Dès les premières notes, l’auditeur est saisi à la gorge par une intensité rare. Si l’on n’est pas tout à fait dans le métal, le groupe assume ici un rock alternatif lourd, sombre et massif, porté par des guitares foudroyantes. Les riffs sont omniprésents et s’articulent autour de breaks particulièrement bien sentis. Difficile, d’ailleurs, de ne pas citer des rouleaux compresseurs comme Breaking Out, Fall in Fall out ou encore Magic Sleep. Avec une telle section rythmique et cette science de l’efficacité, Tigercub s’installe très clairement et avec brio dans le sillage de formations majeures comme Royal Blood.
La grande force de cet album réside également dans sa construction. Conscient de la lourdeur de son propos, le groupe a intelligemment disséminé de courts instants de respiration à des positions stratégiques de la tracklist. Dès le troisième titre, Stuck in the Melancholy, le tempo s’allège. Plus loin, l’introduction du cinquième morceau, Black Moon, voit son puissant riff de départ s’adoucir d’une jolie ritournelle de piano qui apporte une superbe variation.
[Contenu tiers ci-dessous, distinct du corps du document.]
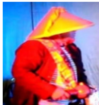
Gambar 9. Ketug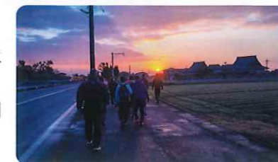
令和6年元旦の歩こう会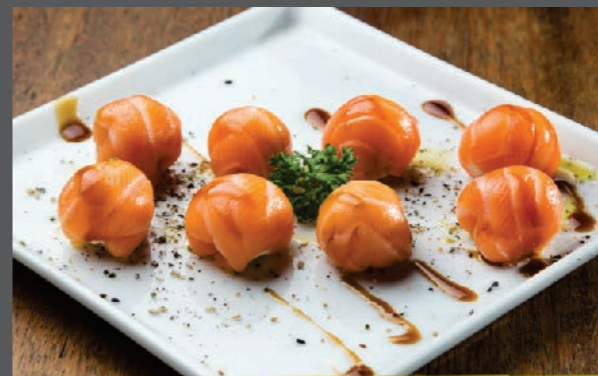
Ball de salmão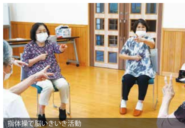
指体操で脳いきいき活動

皆さんは、はつらつサポーターをご存じですか？平成26年から実施されている自治会主体の百歳体操は、今では市内全域まで広がっています。百歳体操を実施するためには、はつらつサポーターの存在は不可欠です。今回の特集では、はつらつサポーターの活動などを紹介します。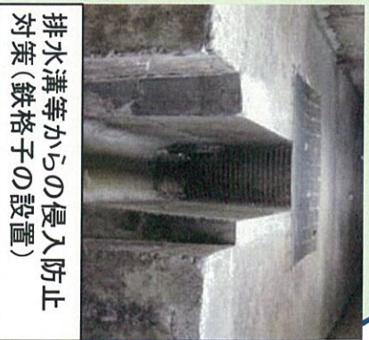
排水溝等からの侵入防止対策(鉄格子の設置)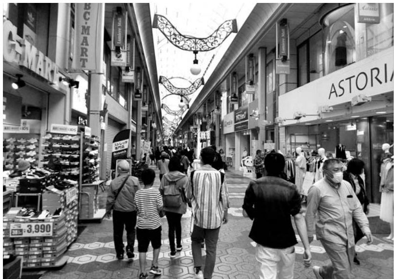
自分が見たままの状態を相手に伝えるには、自分の見ている状態と同じ絵が相手の頭に浮かぶように表現する

最初に述語の部分から考えていこう。「混雑している」は、何かの動きを表しているのだから、それをはっきりさせる。人なのか、それとも車なのか、それとも、人と車が混在しているのか。例えば、混雑しているのは人だとすると、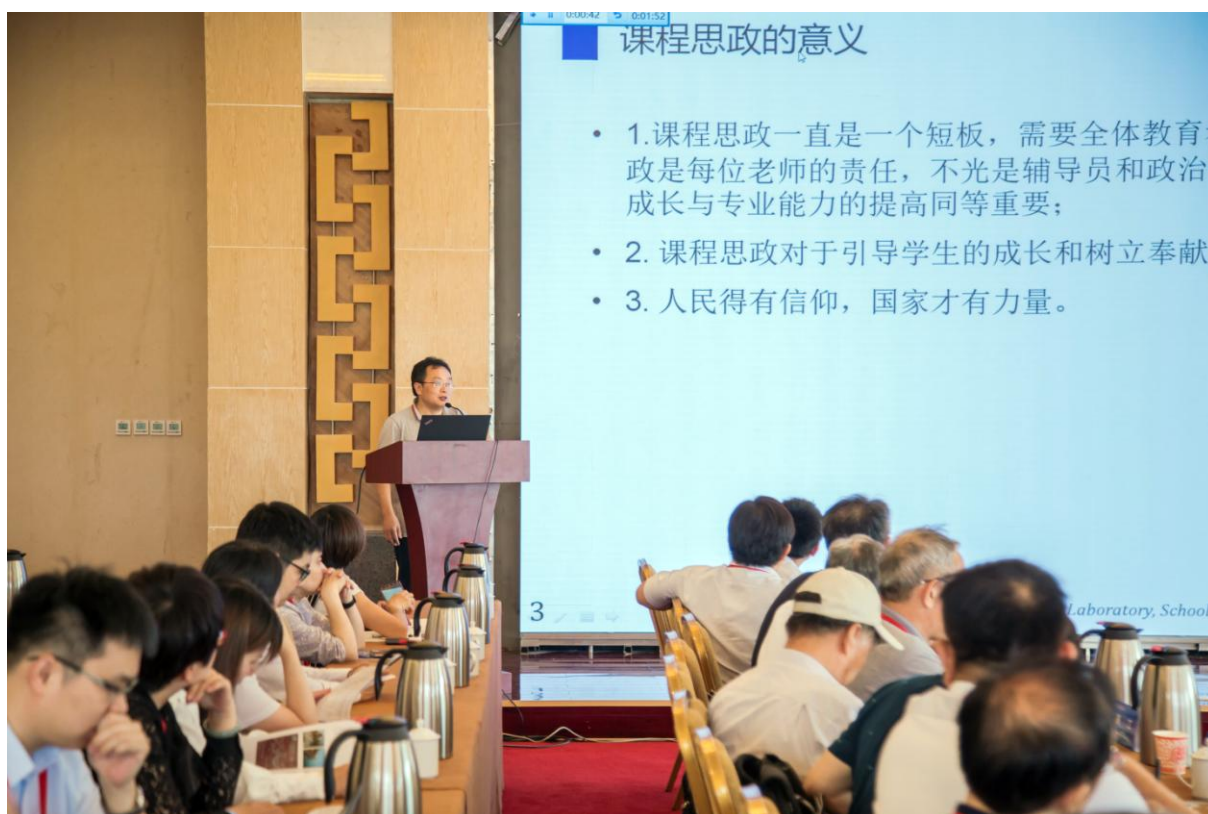
大会以“金课、慕课和课程思政”为主题进行集中交流讨论。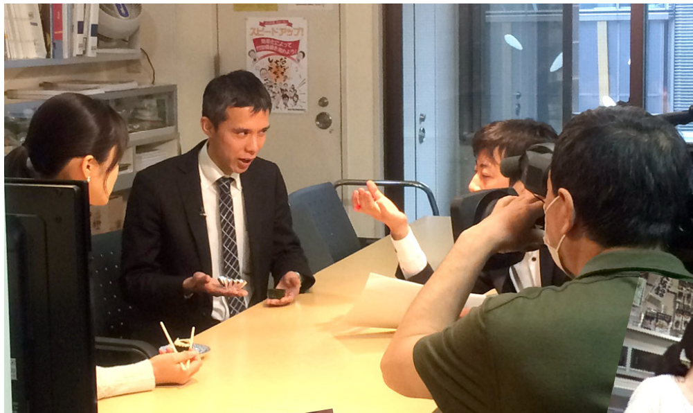
東京オフィスでの 取材風景。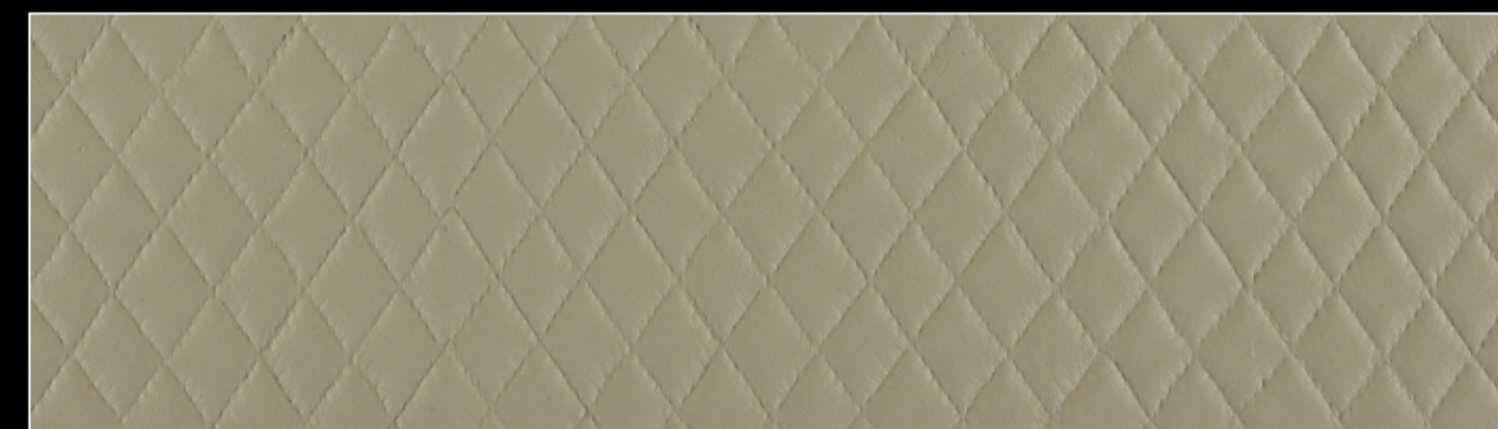
MÓNACO ROMO 001 / 003 / 007 / 010 / 011 / 015 / 020 030 / 036 / 040 / 044 / 046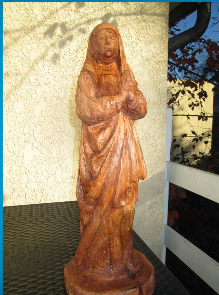
Sainte Catherine d'Alexandrie (chêne 30 cm, 2015)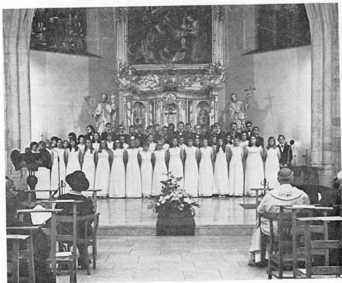
Orgelweihe in St. Michel (10. 10. 71)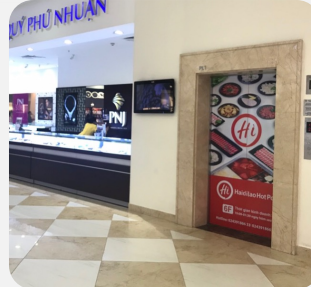
Quảng cáo thang máy

Même constat pour l’ouverture toute douce de Head Over Heels ou pour le morceau My Paper Heart, qui navigue avec agilité entre deux ambiances contrastées.
Côté chant, les avis seront sans doute partagés : certains trouveront cette voix magnétique et habitée, là où d’autres pourront la juger plus lassante sur la longueur. Quoi qu’il en soit, le groupe a le bon goût de savoir la ménager en laissant une place de choix aux envolées purement instrumentales. L’apothéose de cette démarche se trouve sur Nightmares. À une époque où les formats courts dictent leur loi, Tigercub ose un titre de 6 minutes. Débutant dans la douceur, le morceau entame une longue montée en intensité pour offrir près de trois minutes finales purement instrumentales. Si le voyage n’aboutit jamais sur l’explosion totale que l’on pouvait pressentir, la trajectoire n’en reste pas moins fascinante. Une véritable réussite pour un groupe qu’on n’attendait pas forcément à un tel niveau de maîtrise.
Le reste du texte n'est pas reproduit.